_What the exercise asks_. An exact restatement of the data below, with the pictures removed, is the required answer.

Segment Start: Dataset excerpt

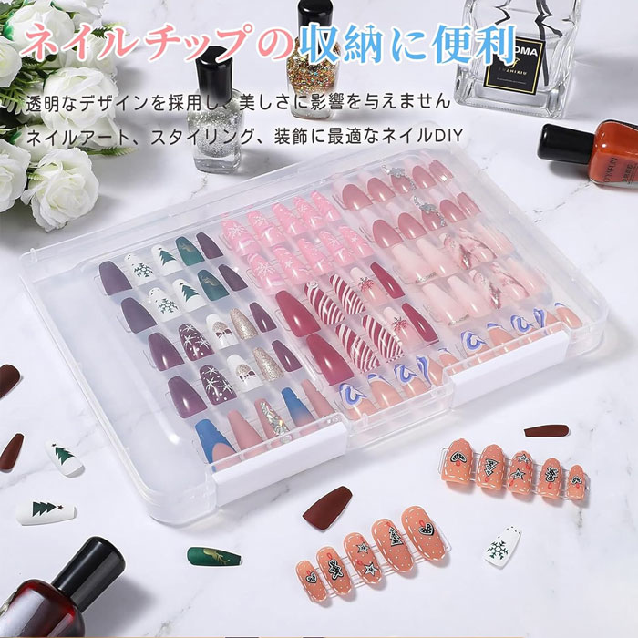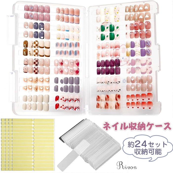 ネイル収納ケース 約24セット つけ爪収納 ボックス 大容量 収納可能 透明 ネイルボックス ネイルストレージボックス 固定テープ付き 持ち運び ネイルアートラック 防塵 ケース 多機能 ネイル 収納
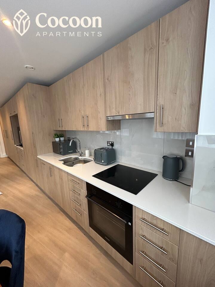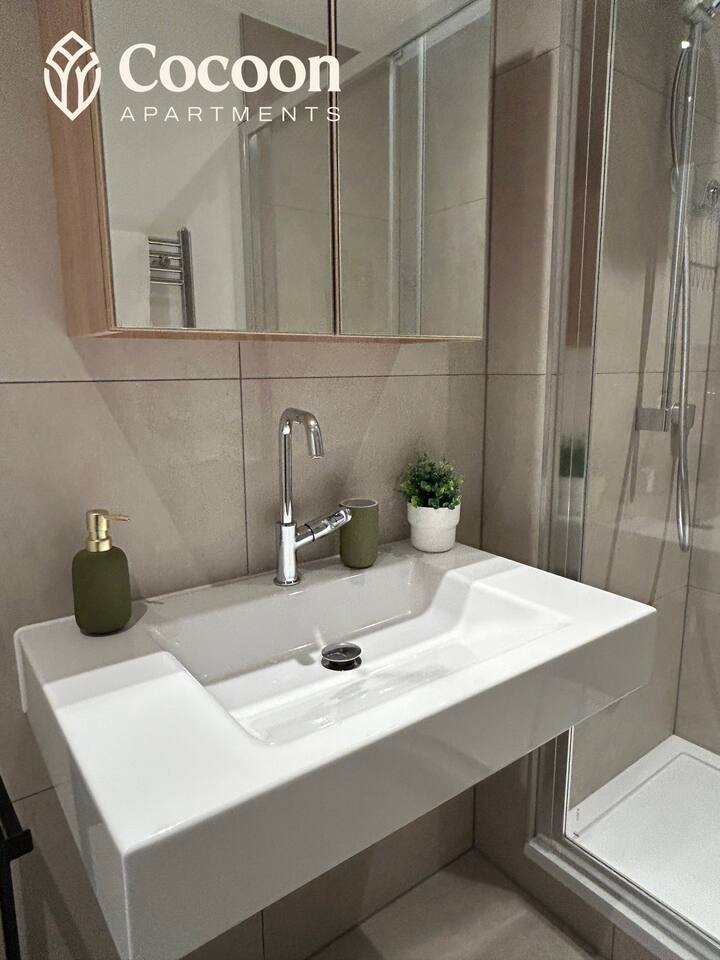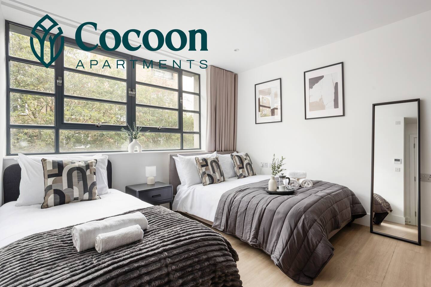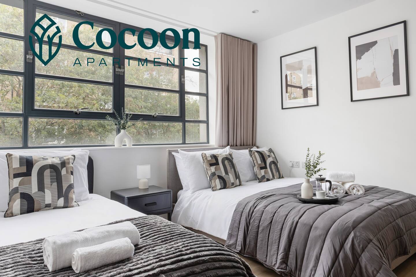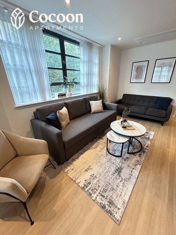 Cocoon Apartments presents a modern 2-bed, 2-bath serviced apartment in central London Zone 1, sleeping up to 7 guests. Perfect for short or long stays, it’s close to three Underground stations with excellent transport links. Featuring air conditioning, high-speed Wi-Fi, stylish interiors, and spacious living areas, it’s ideal for business trips, relocations, contractor projects, insurance stays, and leisure visits – a true home-from-home for families, groups, and professionals.
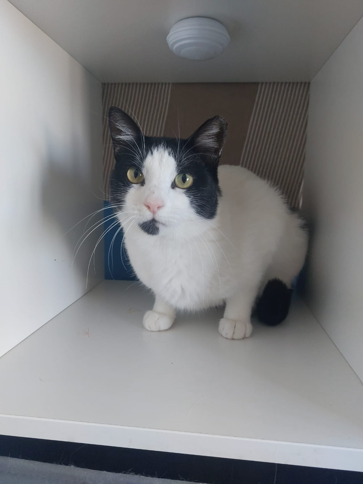 Sie ist ca. 3 Jahre alt, freundlich liebt es gestreichelt zu werden und begrüsst die Pflegerin lautstark.
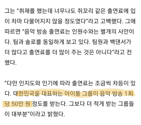 출연료가 이리 짠줄 몰랐음ㅜ

Segment End: Dataset excerpt

_Answer box_.
 ネイル収納ケース 約24セット つけ爪収納 ボックス 大容量 収納可能 透明 ネイルボックス ネイルストレージボックス 固定テープ付き 持ち運び ネイルアートラック 防塵 ケース 多機能 ネイル 収納
 Cocoon Apartments presents a modern 2-bed, 2-bath serviced apartment in central London Zone 1, sleeping up to 7 guests. Perfect for short or long stays, it’s close to three Underground stations with excellent transport links. Featuring air conditioning, high-speed Wi-Fi, stylish interiors, and spacious living areas, it’s ideal for business trips, relocations, contractor projects, insurance stays, and leisure visits – a true home-from-home for families, groups, and professionals.
 Sie ist ca. 3 Jahre alt, freundlich liebt es gestreichelt zu werden und begrüsst die Pflegerin lautstark.
 출연료가 이리 짠줄 몰랐음ㅜ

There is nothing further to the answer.